Трудненько Серому придется. Моя английская лексика многообразием не хвалилась. «Фейсом об тэйбл!» — мне этой фразы как-то хватало. И на службе, и в быту. Вполне обходился.
— Там попадаются некоторые галлицизмы. И славянизмы порой — наши морячки тоже здесь бывали, лексический след оставили.
Словарик был написан аккуратно, разборчиво, но вразброс, не по алфавиту.

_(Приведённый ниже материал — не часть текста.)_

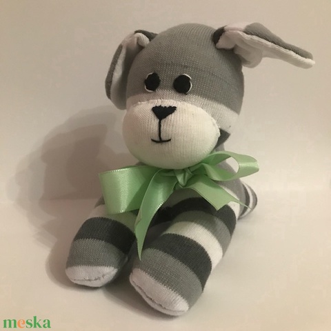 - Anyaga: pamut zokni, 100% polyester tömőanyag, arca hímzett, masni, szeme filc

Привожу его здесь не полностью, но в объеме, вполне достаточном, чтобы можно было ориентироваться читателю.
Эауэ! — возглас сожаления, горечи, обиды.
Ауэ! — возглас с очень широким диапазоном, выражающий восторг, обиду, крайнее удивление. От «Ура!» до «Увы!» Иногда используется в качестве: «Ох, уж эти!..» Пример использования: «Ауэ, Яна!»
Э! — досада, недовольство. Иногда — восторг, примерно как наше восклицание: «О!» Применяется с именем. «Э, Яна, э!»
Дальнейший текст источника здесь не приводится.